Jakarta, Spoiler.id – Ribuan buruh dari dua konfederasi besar, KSPSI dan KSPI, menggelar aksi unjuk rasa di depan Gedung DPR/MPR RI, Jakarta Pusat, Senin (22/9). Dalam aksinya, massa menyuarakan lima tuntutan utama kepada para wakil rakyat, termasuk desakan agar DPR segera mengesahkan Rancangan Undang-Undang (RUU) Ketenagakerjaan.
Presiden Konfederasi Serikat Pekerja Seluruh Indonesia (KSPSI), Andi Gani Nena Wea, menegaskan bahwa aksi ini merupakan bentuk tekanan moral terhadap parlemen agar lebih peka terhadap nasib para pekerja di Indonesia.
“Lima poin yang kami bawa adalah: mendorong pengesahan RUU Ketenagakerjaan, menolak kebijakan upah murah, menghapus sistem outsourcing, mendukung Polri dalam penegakan hukum, serta menegakkan supremasi sipil,” kata Andi Gani saat ditemui di lokasi aksi.
Aksi ini diikuti sekitar 10.000 buruh dari berbagai wilayah.

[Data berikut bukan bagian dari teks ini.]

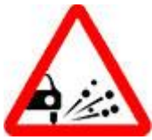
Знак 1.18 – Выброс гравия.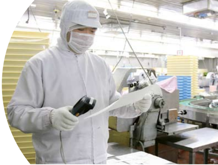
▲精肉加工センターでの就労風景

を意識できること」…「いらっしゃいます」と言えるかどうか。 ②一人でも安全に作業が出来ること…危険の予防 ③トレーニングを通じて作業習熟(上達)が見込めること…本人への動機付けをし、定着を図るために必要。 ④体調が安定していること…服薬など健康管理が自己でできる。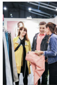
internationale Designmesse blickfang Basel 2017 (3).jpg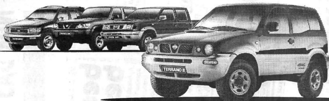
Abb. Terrano II Sport

Sie sind noch keinen Probe gefahren? Schlamm drüber.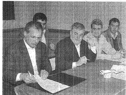
EL GOBERNADOR FIRMÓ CONTRATOS DE IMPORTANTES OBRAS.

"Donde la vida me ubique, donde esté, siempre voy a ser uno más como ustedes", dijo Das Neves en Comodoro.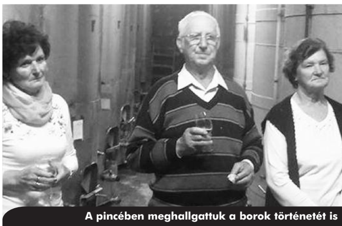
A pincében meghallgattuk a borok történetét is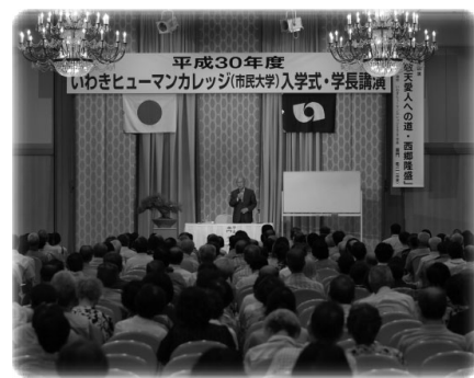
平成30年度入学式 学長講演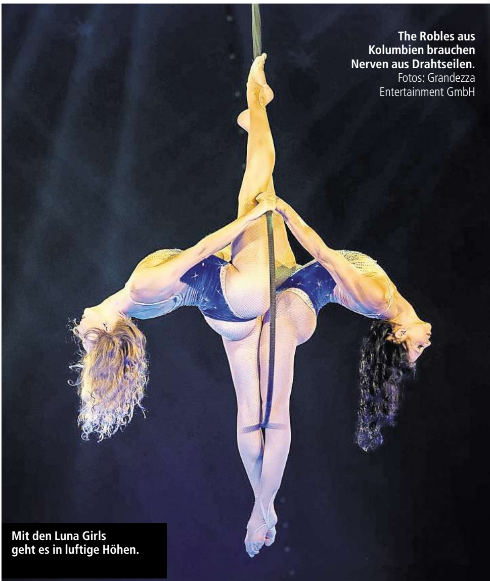
Mit den Luna Girls geht es in luftige Höhen.

Wo findet man die Crème de la Crème der internationalen Artistik? In Hannover – und das nur zur Weihnachtszeit. Als schöne Bescherung für das Publikum, denn der Weihnachtscircus Hannover geht mit dem beliebten „Grand Prix der Artisten“ im komfortablen Zelt mit nummerierten Einzelsitzen in die nächste Runde. Supersicht auf die Superstars der Manege: Das neue Zelt wird ohne innere Masten errichtet – so haben die Besucher von jedem Platz aus besten Blick auf das Geschehen. Die auf großen internationalen Circus Festivals ausgezeichneten Artisten müssen an der Leine eine ganz besondere Hürde nehmen: Das Publikum entscheidet auch dieses Mal darüber, wer zwischen Zelthimmel und Manegengrund der Beste unter den Besten ist. Dazu können sie einen Stimmzettel ausfüllen oder per App ihre Favoriten anklicken. Die feierliche Siegerehrung ist dann wieder am letzten Spieltag. „Für den Wettstreit während der glanzvollsten Zeit des Jahres haben wir Legenden der Circus-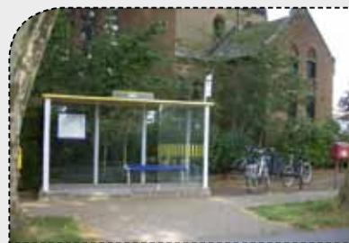
Zo moet het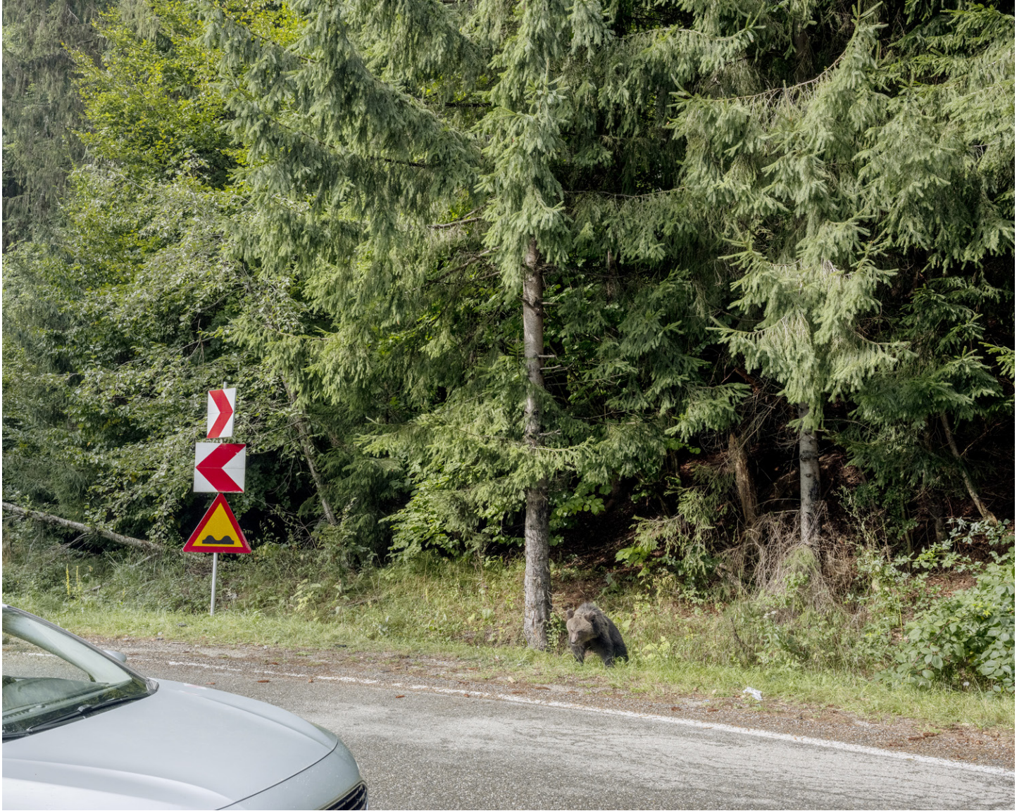
Marina Caneve, Transfăgărășan, Arefu, Romania , impression sur papier coton, couleur, cadre en bois, 100×125cm, 2024. Issu du projet On the ground among the animals . Le projet a été rendu possible grâce au soutien de l'Italian Council (2023).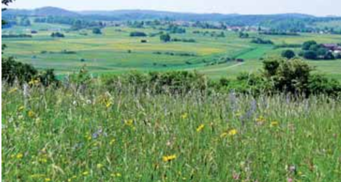
Blumenwiese in Sonnenbühl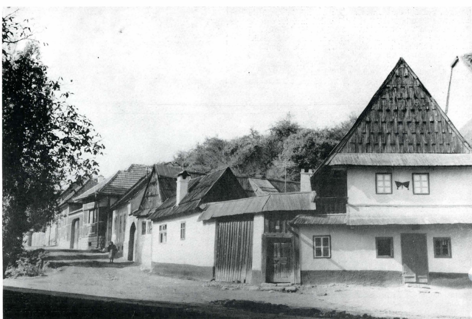
Fig. 3. Uliță pornind din centrul comunei Poiana Sibiului, județul Sibiu.

nal, urmează a se mobiliza pentru a marca, prin rezolvări concrete, o etapă calitativ superioară în dezvoltarea activității, în concordanță cu problemele majore ale societății contemporane și ale societății viitorului.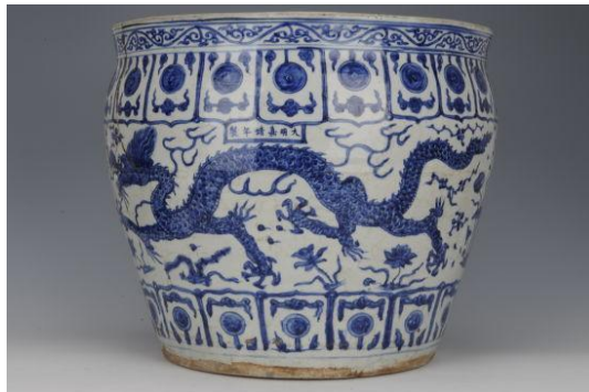
嘉靖青花蓮瓣紋龍缸

1988年，景德鎮考古研究所發掘明官窰遺址，發現1.3米厚的地層藏滿龍缸碎片，總重量達四噸；瓷片雖沒有年款，但按繪畫及青花發色，專家學者判斷，應是正統年間生產的，所以修復了的出土大缸，也命名為「正統青花龍紋大缸」了。這便進一步證實了正統年間，不是沒有製作龍缸，而是沒有成功的龍缸製成品而已。所以光看正統、萬曆二朝，已知雖然各朝的製瓷原料、設備、工具等硬件都無異，但卻不是代代陶工，都能準確掌握同樣燒造技術的。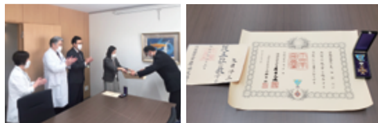
千葉県代表者より賞状を頂く 頂いた賞状および勲章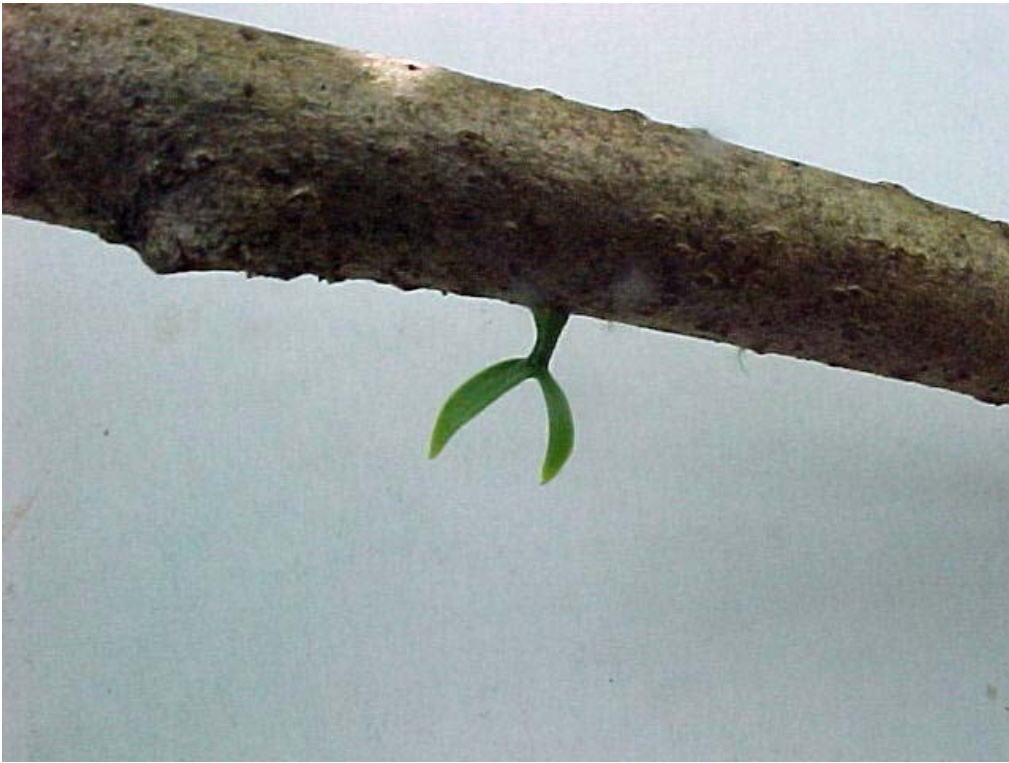
planta parasita recién nacida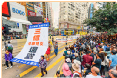
◎ 香港法轮功学员及市民在市区中心举行盛大游行，庆祝大陆民众退出中共党、团、队组织。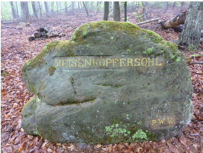
Ritterstein Nr. 158 Meisenkopfersohl bei Hochspeyer (2014)

Massa tergabung dalam dua konfederasi besar, yakni KSPSI dan Konfederasi Serikat Pekerja Indonesia (KSPI) yang dipimpin Said Iqbal. Kedua pimpinan buruh tersebut sepakat bahwa reformasi ketenagakerjaan harus berjalan secara profesional dan berpihak pada kesejahteraan pekerja.
“Aksi ini memang hanya diinformasikan secara internal demi menghindari penyusupan dari pihak-pihak tidak bertanggung jawab,” ujar Andi Gani. Ia juga menegaskan bahwa proses reformasi, termasuk dalam tubuh Polri, tidak boleh disusupi agenda tersembunyi.
“Kami menolak adanya upaya mengganti pimpinan Polri demi kepentingan kelompok tertentu. Soal pergantian pimpinan Polri adalah hak prerogatif presiden yang tidak bisa diintervensi,” tegasnya.
Senada dengan Andi Gani, Presiden KSPI Said Iqbal menyatakan dukungan terhadap Pemerintahan Presiden Prabowo Subianto, selama kebijakan yang dijalankan berpihak pada rakyat dan pekerja.
“Buruh mendukung Pemerintahan Prabowo Subianto melanjutkan program-program yang pro-rakyat,” ujar Said Iqbal.
Pantauan di lapangan menunjukkan massa berpakaian seragam biru dan merah, membawa atribut serta bendera berwarna hijau dan biru berlambang konfederasi masing-masing. Di depan gerbang DPR, terpasang baliho besar bertuliskan: “Berdiri di Garis Terdepan Menjaga Supremasi Sipil Indonesia” dan “Sahkan RUU Ketenagakerjaan”.
Aksi yang berlangsung sejak pagi ini berdampak pada kepadatan lalu lintas di Jalan Gatot Subroto arah Slipi. Namun hingga siang hari, belum tampak adanya penutupan jalan maupun rekayasa lalu lintas oleh pihak kepolisian.